Wheat prices on some futures exchanges have been trading at 14-year highs.
Both wheat and sunflower oil are key raw materials used in many food products.
And if harvesting or processing is hampered or exports are blocked, importing countries have to find ways to replace supplies.
Analysts warn that the impact of the war on grain production might double global wheat prices.
This might seriously affect several countries that depend on grain imports from the Black Sea region.
Turkey and Egypt receive almost 70% of their wheat imports from Russia and Ukraine. And the latter is also the main corn supplier to China.
World Food Program director David Beasley told the BBC that rising food prices due to the conflict in Ukraine might have a catastrophic impact on the world’s poorest countries.
“Lebanon, 50% or so, of its grain comes from Ukraine. Yemen, Syria, Tunisia, and I might go on and on, depend on Ukraine as a supplier of grain,” he noted.
“So (Russia and Ukraine) they are going to go from being a barn to literally having to distribute bread. It’s just an incredible reverse of reality,” she added.
3. Metals
Russia is one of the world’s largest suppliers of metals which are used in all kinds of products, from aluminum cans to copper wires and car components.
It is the fourth largest global exporter of aluminum and is one of the world’s top five producers of steel, nickel, palladium and copper.
Ukraine is also a major producer of industrial metals and has a significant share in the export of palladium and platinum.
This means that, due to the invasion in Ukraine, we might see an increase in prices of canned products and copper wiring.
“We’ve seen aluminum and nickel rise 30% since the beginning of the year, and that will eventually trickle down to consumers when they buy their beverage cans made from aluminum, or when they do home renovations and need copper for their wiring, all those prices go into general inflationary pressure,” Matthew Chamberlain, director of the London Metal Exchange, told the BBC.
Russia too It is the third gold producerfollowing Australia and China. According to data from the World Gold Council, last year it supplied 350 tons of the precious metal.
Gold reached its highest price since August 2020 in early March, trading at more than $2,000 an ounce.
This due to the influx of capital from investors seeking a safe haven in times of market uncertainty.

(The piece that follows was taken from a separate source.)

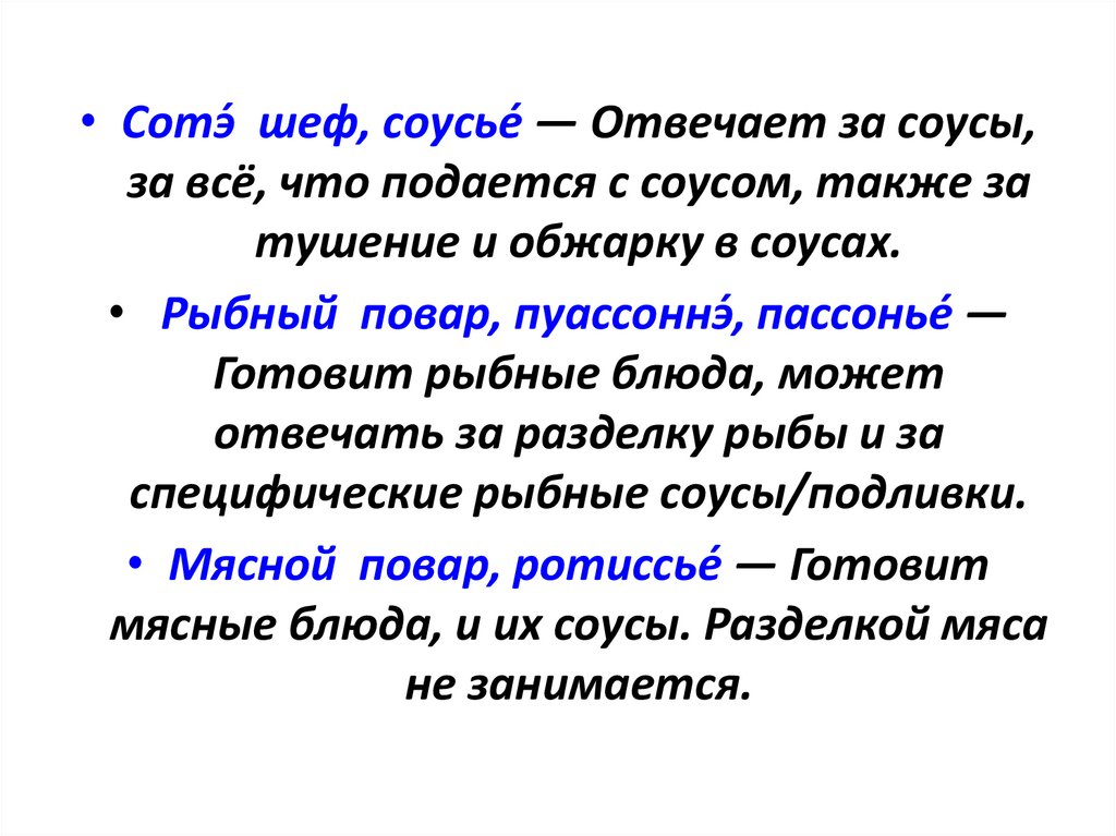 • Сотэ́ шеф, соусье́ — Отвечает за соусы,за всё, что подается с соусом, также за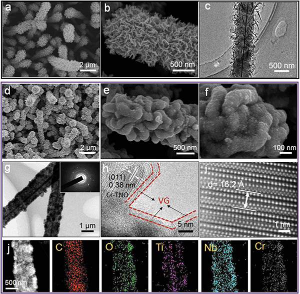 图一Cr-TNO @ VGTC阵列的形貌和结构表征

But the price of other metals soared on fears of supply disruptions from Russia and Ukraine.
In early March, nickel – used in lithium-iron batteries – soared 76%, and palladium – used in car catalytic converters to reduce emissions – reached record levels, reports Archyde.com.

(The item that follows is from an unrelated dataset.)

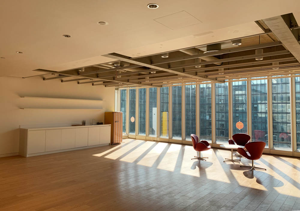 내부 파사드의 상단에 덩굴을 심은 화분과, 내외부의 전동식 차양이 저반사 코팅과 저철분 유리를 사용한 대형 단열창에 충분한 그늘을 제공한다. 이 조합은 열 성능과 최적의 자연채광 제어, 그리고 사무실 공간에 탁월한 색상 표현을 하기에 적합하다. 공원을 향하지 않는 파사드에는 천연 산화 처리된 알루미늄과 좁은 폭의 커튼월이 사용됐다.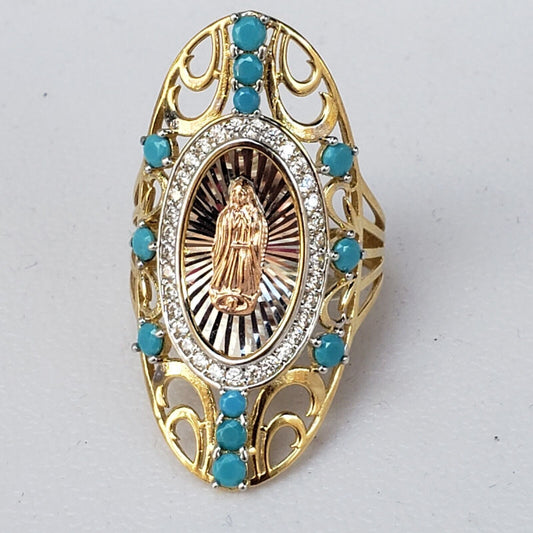 Wide Real 14k Gold virgin Mary guadalupe Ring

Any disruption in palladium supply, analysts note, might pose serious problems for automakers.
“Russia accounts for 38% of global palladium production. As supply outages cannot be made up elsewhere, the market is at risk of falling into a sizeable supply shortfall,” the Commerzbank strategist told Business Insider. , Daniel Briesmann.
4. Neon
Ukraine is one of the main suppliers of purified rare gases such as krypton and neon, the latter essential for making semiconductors.
According to TrendForce data, Ukraine accounts for nearly 70% of global neon gas exports purified, used to create the lasers that etch the patterns on semiconductors.
And more than 90% of the neon used by the US chip industry comes from Ukraine.
Any alteration in your supply might worsen the microchip shortage, which was already a major issue in 2021.
“With Russia supplying over 40% of the world’s palladium supply and Ukraine producing 70% of the world’s neon supply, we can expect the global chip shortage to worsen if military conflict persists,” Tim Uy wrote in a recent report. , from Moody’s Analytics.
“During the 2014-2015 war in Ukraine, neon prices increased several times, indicating how serious this may be for the semiconductor industry.”
“Semiconductor companies account for 70% of the total demand for neon, as neon is an integral part of the lithographic process to make chips,” he added.